EXTRACTED ENTRIES —

——

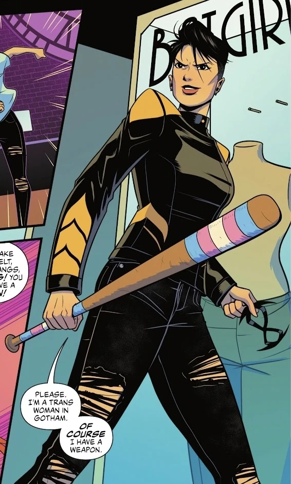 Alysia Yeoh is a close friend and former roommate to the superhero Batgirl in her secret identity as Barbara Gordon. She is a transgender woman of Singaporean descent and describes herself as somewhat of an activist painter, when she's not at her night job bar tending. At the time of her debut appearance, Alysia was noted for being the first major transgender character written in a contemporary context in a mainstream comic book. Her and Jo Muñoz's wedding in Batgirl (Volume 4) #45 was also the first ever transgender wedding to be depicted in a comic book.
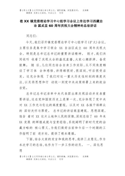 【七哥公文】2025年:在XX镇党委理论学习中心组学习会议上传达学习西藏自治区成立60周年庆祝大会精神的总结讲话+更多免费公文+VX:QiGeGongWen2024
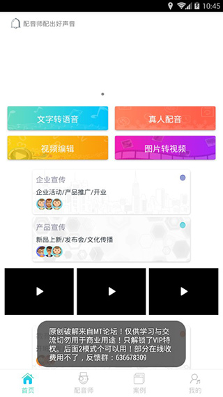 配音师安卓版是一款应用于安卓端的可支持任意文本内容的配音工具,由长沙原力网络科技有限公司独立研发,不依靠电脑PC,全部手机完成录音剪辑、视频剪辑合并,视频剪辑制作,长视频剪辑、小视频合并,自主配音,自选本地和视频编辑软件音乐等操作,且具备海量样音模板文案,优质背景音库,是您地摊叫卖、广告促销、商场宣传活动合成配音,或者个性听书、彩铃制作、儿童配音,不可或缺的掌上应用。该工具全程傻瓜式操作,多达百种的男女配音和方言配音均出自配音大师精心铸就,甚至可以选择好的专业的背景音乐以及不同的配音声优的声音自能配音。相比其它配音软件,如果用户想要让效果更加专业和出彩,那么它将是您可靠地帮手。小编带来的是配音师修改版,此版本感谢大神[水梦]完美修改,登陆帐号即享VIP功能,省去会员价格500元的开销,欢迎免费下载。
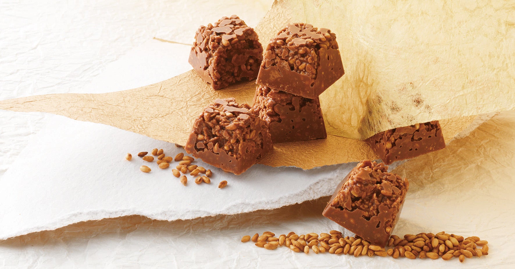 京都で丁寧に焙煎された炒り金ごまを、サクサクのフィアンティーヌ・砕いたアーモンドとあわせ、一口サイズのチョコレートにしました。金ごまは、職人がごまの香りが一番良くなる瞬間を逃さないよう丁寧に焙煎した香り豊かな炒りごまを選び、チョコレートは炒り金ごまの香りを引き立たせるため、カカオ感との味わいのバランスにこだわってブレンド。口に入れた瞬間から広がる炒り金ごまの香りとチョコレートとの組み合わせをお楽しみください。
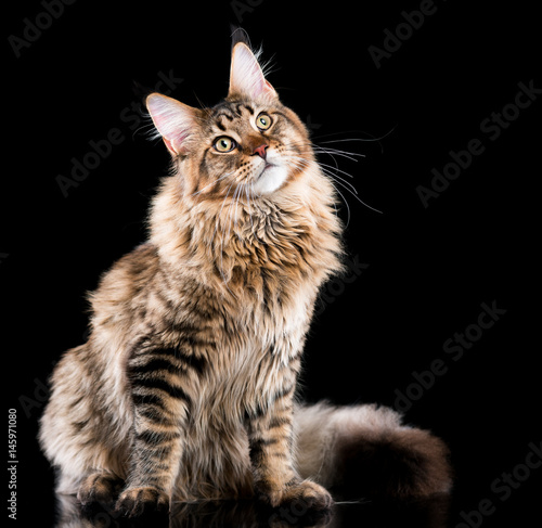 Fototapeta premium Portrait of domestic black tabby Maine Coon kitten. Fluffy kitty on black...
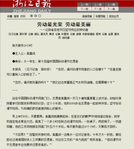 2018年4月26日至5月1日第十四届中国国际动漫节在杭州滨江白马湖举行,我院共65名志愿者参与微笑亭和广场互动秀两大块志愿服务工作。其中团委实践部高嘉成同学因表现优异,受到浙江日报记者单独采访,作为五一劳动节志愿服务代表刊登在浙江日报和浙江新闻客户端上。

——

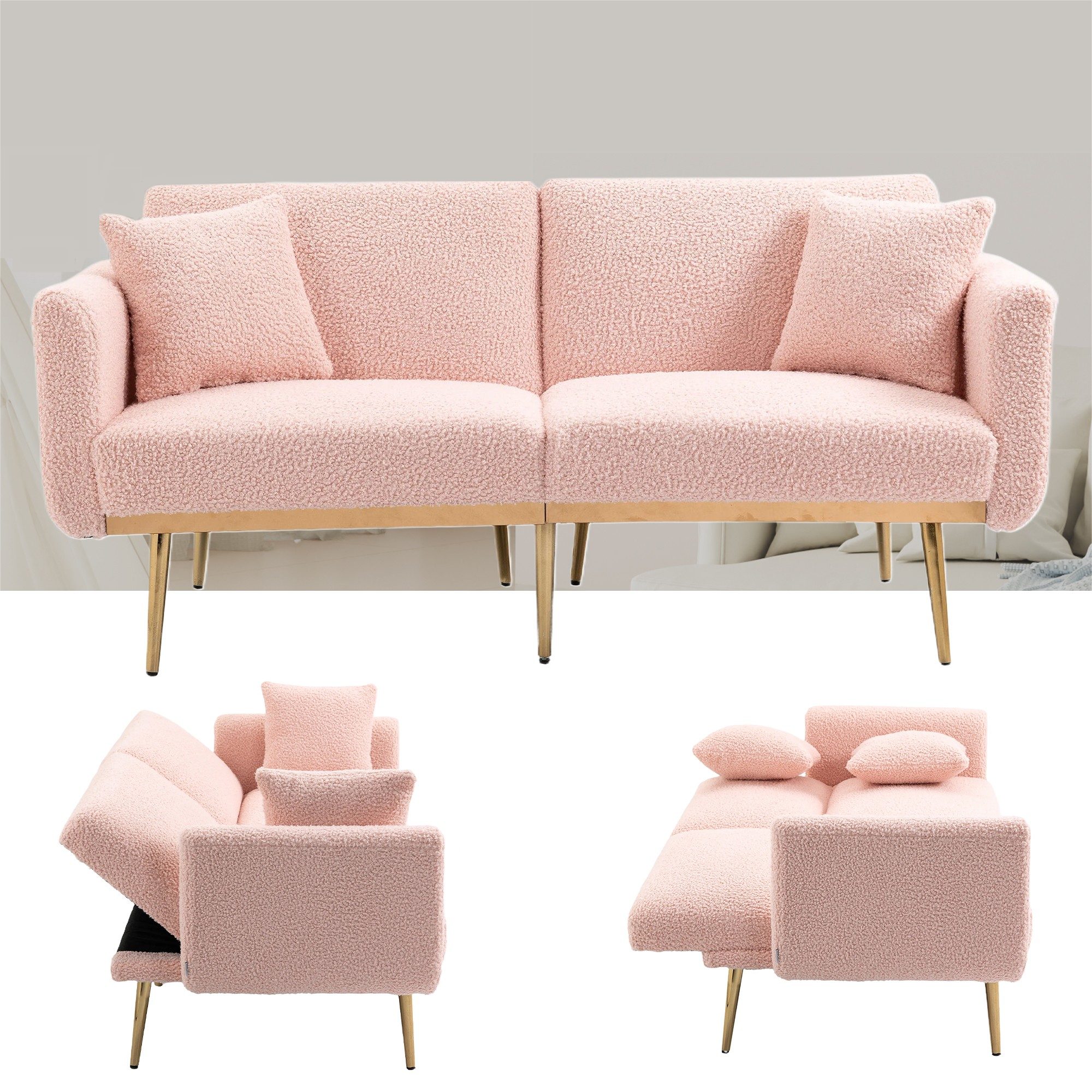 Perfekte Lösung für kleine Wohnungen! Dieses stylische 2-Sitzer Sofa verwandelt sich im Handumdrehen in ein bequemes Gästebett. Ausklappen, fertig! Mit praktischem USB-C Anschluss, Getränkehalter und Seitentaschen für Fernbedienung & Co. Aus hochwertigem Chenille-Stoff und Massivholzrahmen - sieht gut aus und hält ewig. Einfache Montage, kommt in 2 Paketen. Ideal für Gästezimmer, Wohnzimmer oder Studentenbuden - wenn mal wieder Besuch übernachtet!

——

WHAT YOU ARE ASKED TO DO — Would you give again, exactly, the lines in the data above that run from the line containing "配音师安卓版是一款应用于安卓" to the line containing "Fototapeta premium Portrait"? Include both ends and no pictures.

ANSWER SECTION —
 配音师安卓版是一款应用于安卓端的可支持任意文本内容的配音工具,由长沙原力网络科技有限公司独立研发,不依靠电脑PC,全部手机完成录音剪辑、视频剪辑合并,视频剪辑制作,长视频剪辑、小视频合并,自主配音,自选本地和视频编辑软件音乐等操作,且具备海量样音模板文案,优质背景音库,是您地摊叫卖、广告促销、商场宣传活动合成配音,或者个性听书、彩铃制作、儿童配音,不可或缺的掌上应用。该工具全程傻瓜式操作,多达百种的男女配音和方言配音均出自配音大师精心铸就,甚至可以选择好的专业的背景音乐以及不同的配音声优的声音自能配音。相比其它配音软件,如果用户想要让效果更加专业和出彩,那么它将是您可靠地帮手。小编带来的是配音师修改版,此版本感谢大神[水梦]完美修改,登陆帐号即享VIP功能,省去会员价格500元的开销,欢迎免费下载。
 京都で丁寧に焙煎された炒り金ごまを、サクサクのフィアンティーヌ・砕いたアーモンドとあわせ、一口サイズのチョコレートにしました。金ごまは、職人がごまの香りが一番良くなる瞬間を逃さないよう丁寧に焙煎した香り豊かな炒りごまを選び、チョコレートは炒り金ごまの香りを引き立たせるため、カカオ感との味わいのバランスにこだわってブレンド。口に入れた瞬間から広がる炒り金ごまの香りとチョコレートとの組み合わせをお楽しみください。
 Fototapeta premium Portrait of domestic black tabby Maine Coon kitten. Fluffy kitty on black...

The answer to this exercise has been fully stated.